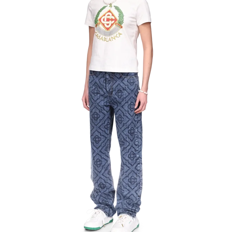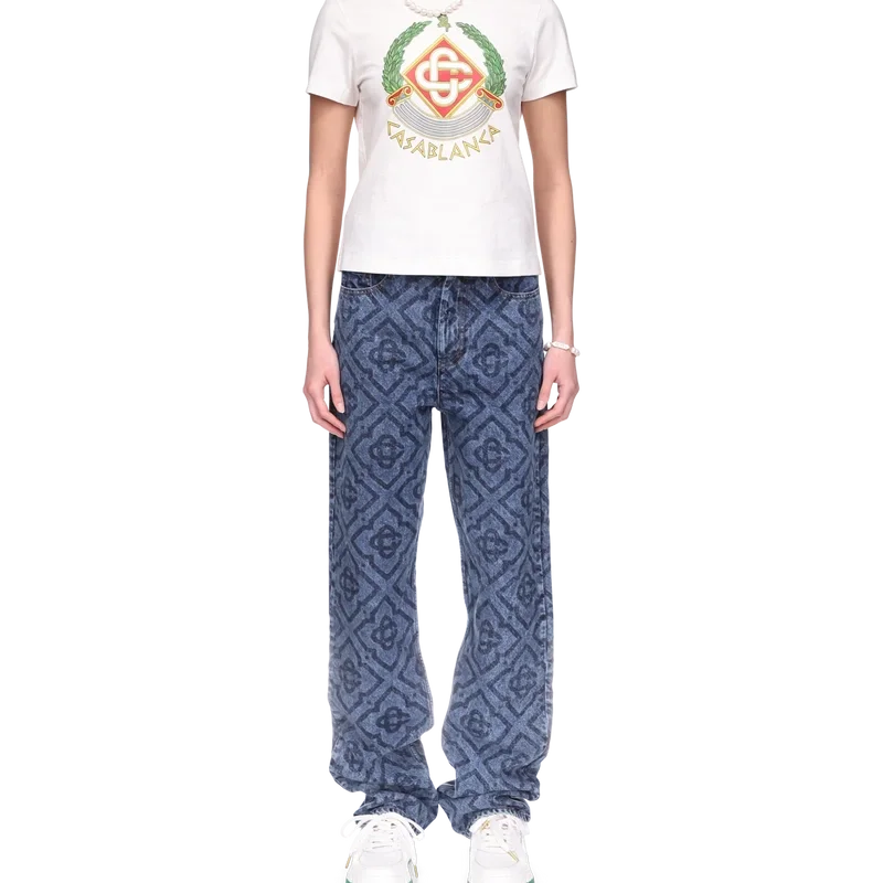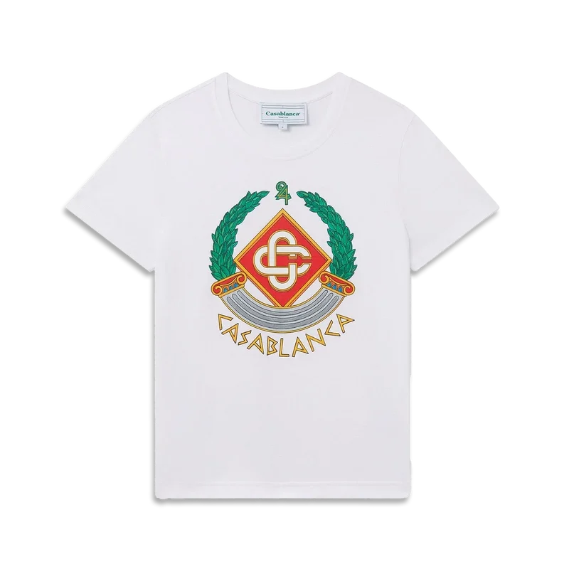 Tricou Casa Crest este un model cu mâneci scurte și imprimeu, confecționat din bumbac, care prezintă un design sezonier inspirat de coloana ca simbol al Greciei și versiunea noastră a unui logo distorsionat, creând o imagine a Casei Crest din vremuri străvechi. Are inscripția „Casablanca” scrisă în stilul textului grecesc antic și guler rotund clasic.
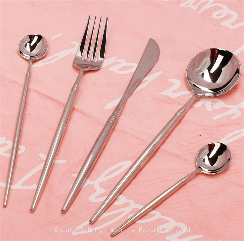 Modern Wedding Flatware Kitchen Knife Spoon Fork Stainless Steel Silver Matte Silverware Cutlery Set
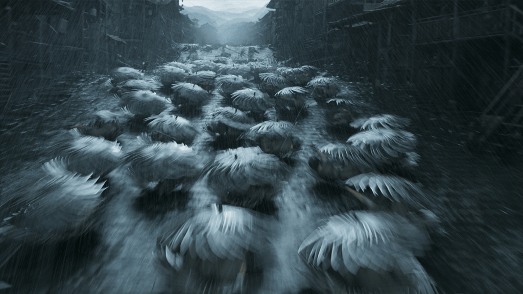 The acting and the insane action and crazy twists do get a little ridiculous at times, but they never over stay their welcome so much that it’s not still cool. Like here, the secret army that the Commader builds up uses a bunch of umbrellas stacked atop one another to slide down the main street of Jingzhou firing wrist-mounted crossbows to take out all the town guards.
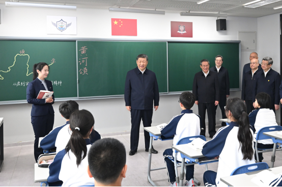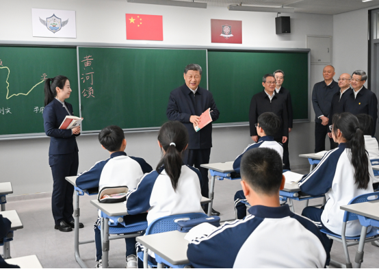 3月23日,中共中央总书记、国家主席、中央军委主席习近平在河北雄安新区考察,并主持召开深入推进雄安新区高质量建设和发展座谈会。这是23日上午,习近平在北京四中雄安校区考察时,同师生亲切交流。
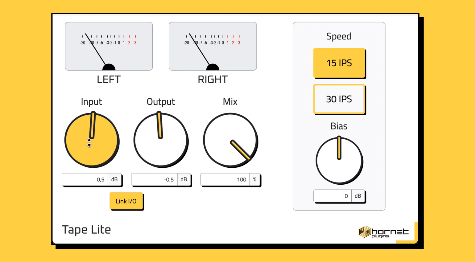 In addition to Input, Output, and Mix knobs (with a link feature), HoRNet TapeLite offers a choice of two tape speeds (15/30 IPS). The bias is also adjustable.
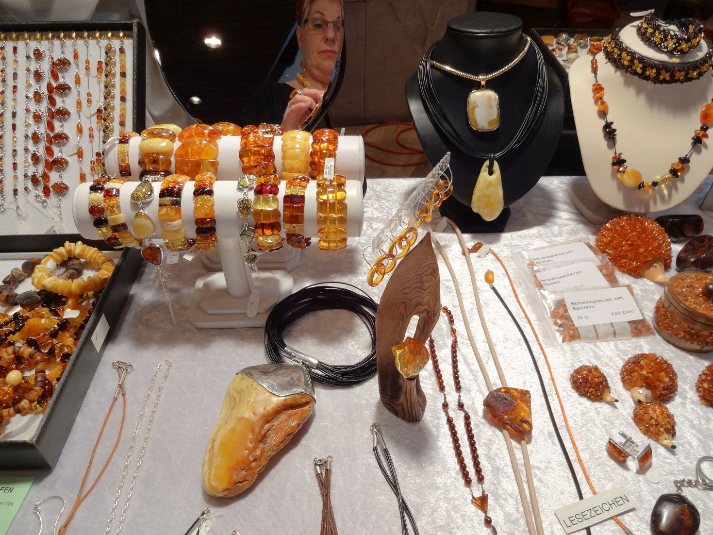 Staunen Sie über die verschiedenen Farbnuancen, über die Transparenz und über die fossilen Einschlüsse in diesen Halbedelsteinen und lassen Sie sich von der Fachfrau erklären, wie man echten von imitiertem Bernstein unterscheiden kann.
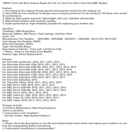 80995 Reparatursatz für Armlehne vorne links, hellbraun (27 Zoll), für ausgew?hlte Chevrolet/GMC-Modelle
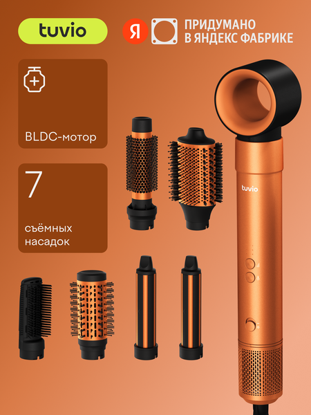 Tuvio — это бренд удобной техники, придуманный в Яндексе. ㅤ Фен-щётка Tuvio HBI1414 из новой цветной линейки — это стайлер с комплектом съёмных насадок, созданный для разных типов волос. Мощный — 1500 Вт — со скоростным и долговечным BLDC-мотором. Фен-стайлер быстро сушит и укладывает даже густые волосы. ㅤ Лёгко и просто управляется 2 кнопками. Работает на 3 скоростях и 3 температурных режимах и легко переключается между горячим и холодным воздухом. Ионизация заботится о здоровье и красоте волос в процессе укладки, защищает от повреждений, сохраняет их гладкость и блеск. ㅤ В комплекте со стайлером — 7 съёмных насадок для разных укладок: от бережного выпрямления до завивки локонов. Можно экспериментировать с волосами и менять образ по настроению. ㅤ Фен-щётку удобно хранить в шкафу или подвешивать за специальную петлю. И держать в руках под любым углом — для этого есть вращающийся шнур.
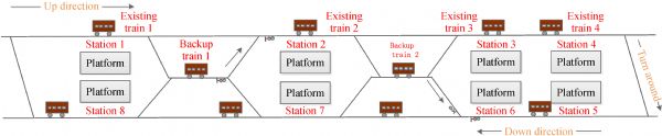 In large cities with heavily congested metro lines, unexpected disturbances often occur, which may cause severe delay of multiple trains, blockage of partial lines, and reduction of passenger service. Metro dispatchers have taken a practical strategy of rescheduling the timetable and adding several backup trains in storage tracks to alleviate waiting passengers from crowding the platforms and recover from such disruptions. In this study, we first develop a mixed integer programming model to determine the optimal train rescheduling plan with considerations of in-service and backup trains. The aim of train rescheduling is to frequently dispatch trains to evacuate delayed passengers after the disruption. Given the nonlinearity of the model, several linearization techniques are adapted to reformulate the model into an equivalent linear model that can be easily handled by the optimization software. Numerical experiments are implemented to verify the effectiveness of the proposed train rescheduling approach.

§

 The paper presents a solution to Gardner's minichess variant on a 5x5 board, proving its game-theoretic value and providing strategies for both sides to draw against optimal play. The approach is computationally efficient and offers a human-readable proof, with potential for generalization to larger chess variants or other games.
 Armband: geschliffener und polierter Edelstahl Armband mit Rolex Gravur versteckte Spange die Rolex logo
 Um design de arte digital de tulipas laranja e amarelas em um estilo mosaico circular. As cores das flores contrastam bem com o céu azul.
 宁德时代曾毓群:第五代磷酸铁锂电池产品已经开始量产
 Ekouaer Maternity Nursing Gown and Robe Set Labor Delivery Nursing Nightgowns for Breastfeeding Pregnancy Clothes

§

§ What you are asked to do
The reply should hold the entries above from the line with "Modern Wedding Flatware" to the line with "80995 Reparatursatz für", duplicated exactly, pictures excluded.

§ Answer to this exercise
 Modern Wedding Flatware Kitchen Knife Spoon Fork Stainless Steel Silver Matte Silverware Cutlery Set
 The acting and the insane action and crazy twists do get a little ridiculous at times, but they never over stay their welcome so much that it’s not still cool. Like here, the secret army that the Commader builds up uses a bunch of umbrellas stacked atop one another to slide down the main street of Jingzhou firing wrist-mounted crossbows to take out all the town guards.
 3月23日,中共中央总书记、国家主席、中央军委主席习近平在河北雄安新区考察,并主持召开深入推进雄安新区高质量建设和发展座谈会。这是23日上午,习近平在北京四中雄安校区考察时,同师生亲切交流。
 In addition to Input, Output, and Mix knobs (with a link feature), HoRNet TapeLite offers a choice of two tape speeds (15/30 IPS). The bias is also adjustable.
 Staunen Sie über die verschiedenen Farbnuancen, über die Transparenz und über die fossilen Einschlüsse in diesen Halbedelsteinen und lassen Sie sich von der Fachfrau erklären, wie man echten von imitiertem Bernstein unterscheiden kann.
 80995 Reparatursatz für Armlehne vorne links, hellbraun (27 Zoll), für ausgew?hlte Chevrolet/GMC-Modelle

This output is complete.